50. Intervenor has a girlfriend, Sherry Letterman, who stays overnight with him approximately five nights a week. Ms. Letterman has two minor children who also stay overnight frequently with Mr. Lackey.
*6551. Intervenor has a brother, Bobby Lackey, who stays with him on occasion for several days at a time. Bobby Lackey has prior criminal convictions for taking indecent' liberties with a minor child, simple assault, damage to property, assault on a female (two counts), DWI, appearing drunk and disruptive in a public place, assault on a law-enforcement officer, and delaying and obstructing an officer. Numerous other charges have been dismissed.
52. Intervenor has prior criminal convictions for driving an automobile with no insurance or registration, driving while his license was revoked, appearing drunk and disruptive in a public place, two counts of careless and reckless driving (which were plea negotiations after he had been charged with two counts of driving while impaired) and delaying and obstructing a law enforcement officer.

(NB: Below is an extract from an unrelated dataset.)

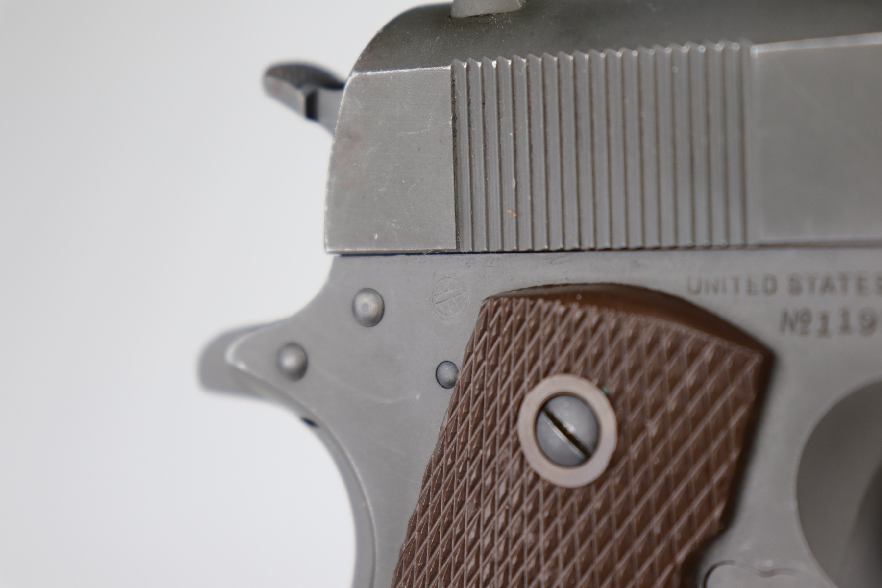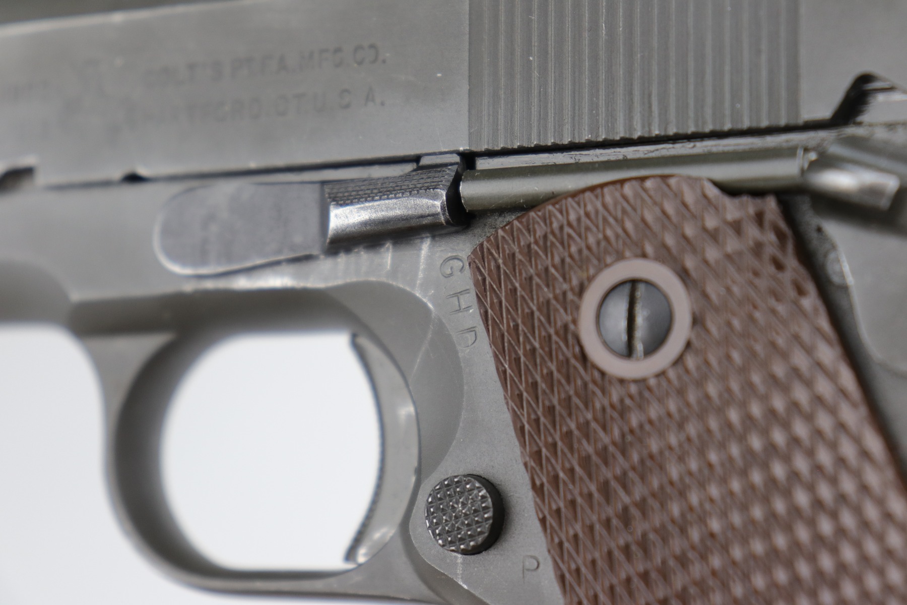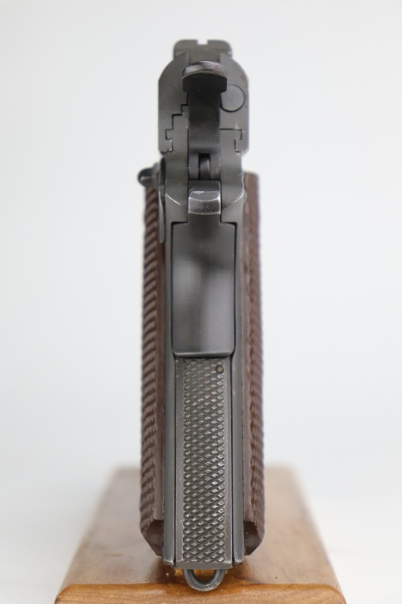 10/7/20 – This is a minty example of a Colt 1911A1 issued to the US Military in 1943. It is “US Property” marked and has a cross-canon cartouche on the tang. The slide is un-numbered, and it has a Colt barrel. This particular pistol is in beautiful condition, retaining about 98% of its original finish. There is just very minor high edge wear on the slide and frame. Very little oxidation at the base of the front strap. There are a few scratches from the takedown lever. It comes with one period-correct magazine and minty grips. The bore is nice, great rifling with some areas of light pin-pricking. Beautiful example.

53. Intervenor repeatedly denies responsibility for his ■ actions with respect to his criminal charges and convictions.
54. Intervenor admits he has violated the terms of the court orders in the above convictions.
55. Intervenor denies the serious nature of his brother’s convictions.
56. Intervenor admits to drinking alcoholic beverages and frequenting bars. He states he does not have a substance abuse problem.
57. Intervenor, when visiting his son Aaron, has shown affection and appropriate behavior to his son.
58. Intervenor states he wants to take care of his son, and is capable of doing so.
59. Intervenor’s schedule is irregular because of his full time job and the work as a volunteer fireman.
60. At the time of the hearing, Intervenor had only seen [his son] seven times since birth.
Lackey does not dispute that the evidence supports these findings and has not otherwise assigned error to any of the trial court’s findings of fact. We must therefore determine whether the trial court’s findings support its legal conclusion that Lackey’s conduct has been inconsistent with his protected interest in the minor child.
*66The trial court found that Tessener informed Lackey of her pregnancy and the likelihood that he had fathered the child in September 1997. Nonetheless, according to the trial court, Lackey elected to do “nothing” about the pregnancy and impending birth. The trial court determined that Lackey never voluntarily contacted Tessener after that meeting—before or after the birth of the child— to inquire about the health and progress of the child or to inquire further about whether he had fathered the child. The trial court also found that, in June 1998, Tessener located Lackey and informed him that DSS would contact him regarding a potential child support obligation. According to the trial court, Lackey again did not pursue any inquiry about the child.
The trial court’s findings of fact are sufficient, when viewed cumulatively, to support its conclusion that Lackey’s conduct was inconsistent with his protected interest in the child. Moreover, the evidence of record constitutes clear and convincing proof that Lackey’s conduct was inconsistent with his right to custody of the child. Accordingly, the trial court did not err in applying the “best interest of the child” standard and in determining that Aaron’s interests were best served by maintaining his primary physical custody with the Adams.
Accordingly, we reverse the decision of the Court of Appeals.